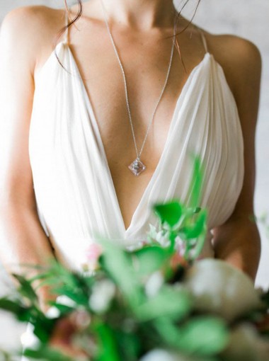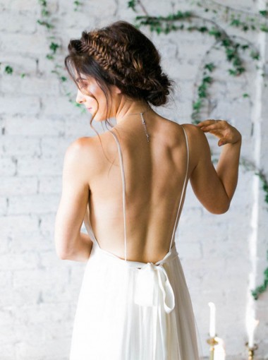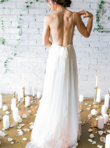 Description for this A-Line Deep V-Neck Sweep Train Backless Ivory Chiffon Wedding Dress with Pleats.
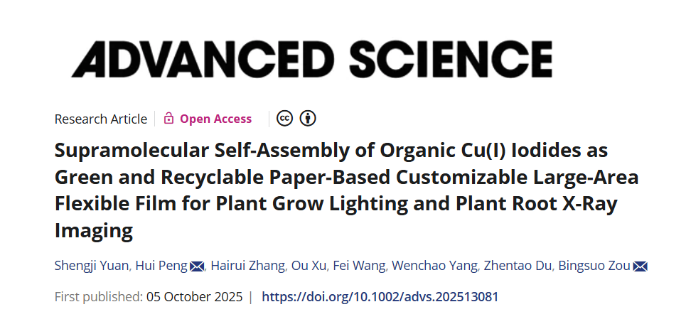 该团队通过超分子自组装策略,成功开发出一种基于滤纸和有机铜碘化物的可定制、大面积、可回收、可生物降解的柔性发光薄膜,并成功构建了一个集植物生长照明与植物根部X射线成像于一体的双功能平台。该研究成果以题为《Supramolecular Self-Assembly of Organic Cu(I) Iodides as Green and Recyclable Paper-Based Customizable Large-Area Flexible Film for Plant Grow Lighting and Plant Root X-Ray Imaging》发表于国际顶级学术期刊《Advanced Science》(IF = 14.1),彭辉博士和邹炳锁教授为共同通讯作者,硕士研究生袁升记为第一作者。william威廉亚洲为第一完成单位。
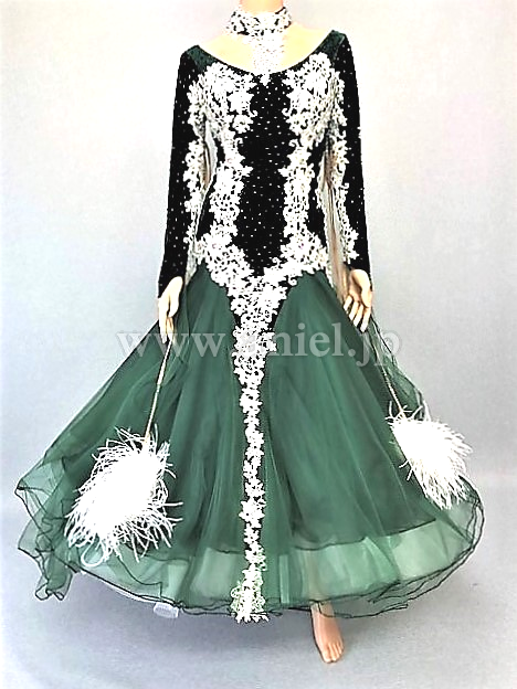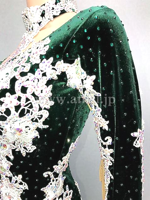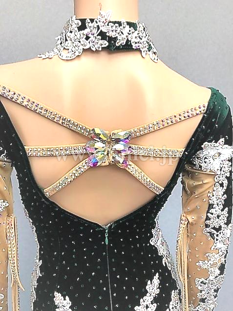 袖のデザインも凝っていて、袖口のフロートはチュール地と、オーストリッチファ―のダブル仕様になっており、細部にまで手をかけ、リッチ感漂う1着になっています。
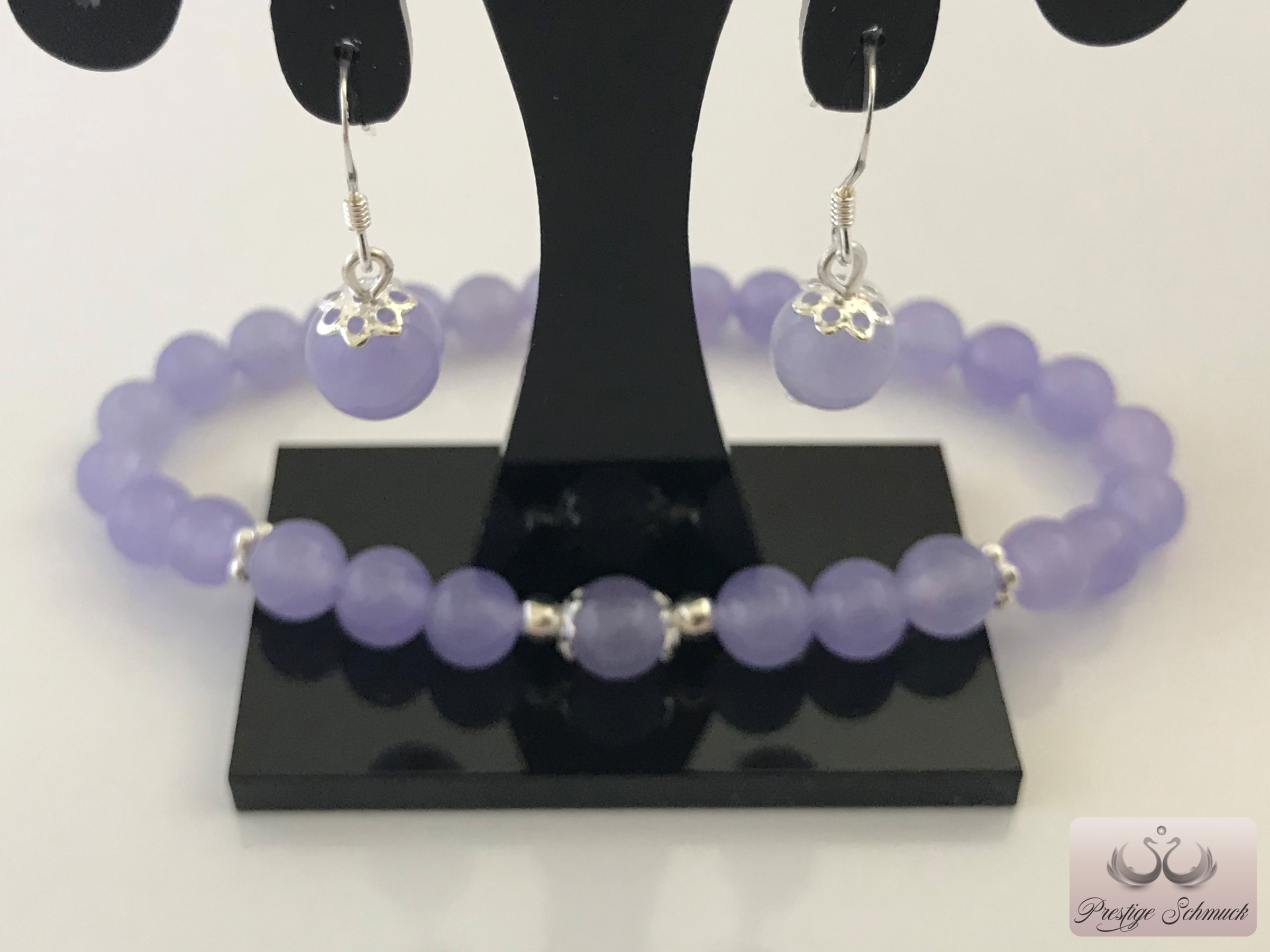 Jade Armband mit Gummizug und Jade Ohrringe mit 925 Silber
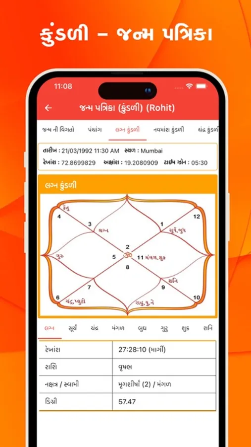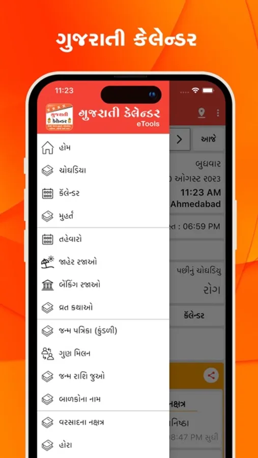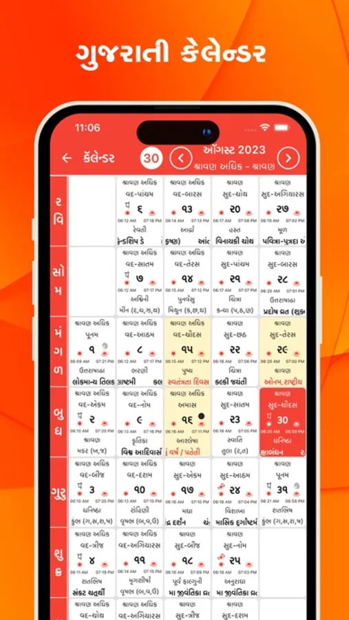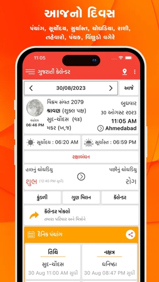 You can view today's Tithi, Nakshatra, Yoga, Karan, Choghadiya, Sunrise, Sunset, SunSign, MoonSign, Festival and holidays on one screen.
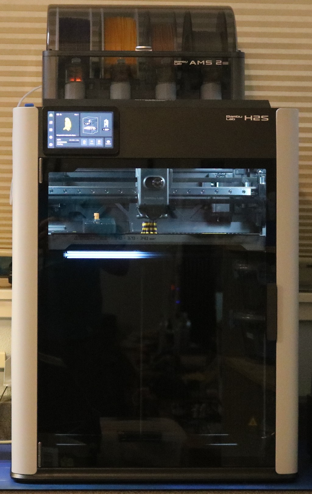 As you can see, it’s a much larger printer — not just the build volume, but also the AMS 2 sitting on top.
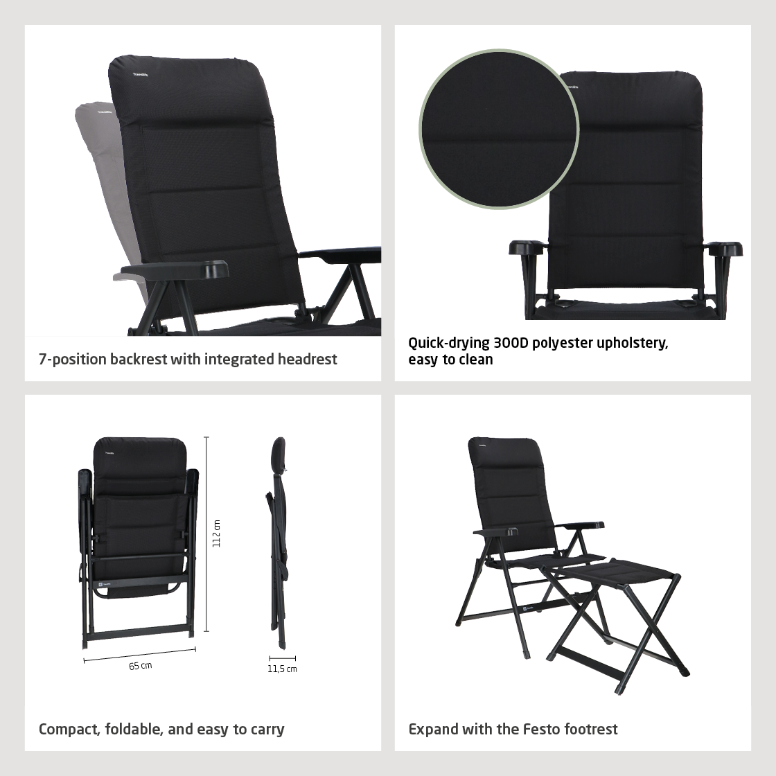 De Festo is water- en uv-bestendig en dus perfect bestand tegen wisselende weersomstandigheden. Dankzij het sterke maar lichte aluminium frame neem je de stoel moeiteloos mee naar de camping. Na gebruik vouw je hem eenvoudig op tot een compact formaat. Combineer de standenstoel met de Travellife Festo voetenbank in de kleur zwart voor nog meer comfort.

__Instructions to follow__
Please reproduce every entry above exactly, but leave out the pictures.

__Result__
 Description for this A-Line Deep V-Neck Sweep Train Backless Ivory Chiffon Wedding Dress with Pleats.
 该团队通过超分子自组装策略,成功开发出一种基于滤纸和有机铜碘化物的可定制、大面积、可回收、可生物降解的柔性发光薄膜,并成功构建了一个集植物生长照明与植物根部X射线成像于一体的双功能平台。该研究成果以题为《Supramolecular Self-Assembly of Organic Cu(I) Iodides as Green and Recyclable Paper-Based Customizable Large-Area Flexible Film for Plant Grow Lighting and Plant Root X-Ray Imaging》发表于国际顶级学术期刊《Advanced Science》(IF = 14.1),彭辉博士和邹炳锁教授为共同通讯作者,硕士研究生袁升记为第一作者。william威廉亚洲为第一完成单位。
 袖のデザインも凝っていて、袖口のフロートはチュール地と、オーストリッチファ―のダブル仕様になっており、細部にまで手をかけ、リッチ感漂う1着になっています。
 Jade Armband mit Gummizug und Jade Ohrringe mit 925 Silber
 You can view today's Tithi, Nakshatra, Yoga, Karan, Choghadiya, Sunrise, Sunset, SunSign, MoonSign, Festival and holidays on one screen.
 As you can see, it’s a much larger printer — not just the build volume, but also the AMS 2 sitting on top.
 De Festo is water- en uv-bestendig en dus perfect bestand tegen wisselende weersomstandigheden. Dankzij het sterke maar lichte aluminium frame neem je de stoel moeiteloos mee naar de camping. Na gebruik vouw je hem eenvoudig op tot een compact formaat. Combineer de standenstoel met de Travellife Festo voetenbank in de kleur zwart voor nog meer comfort.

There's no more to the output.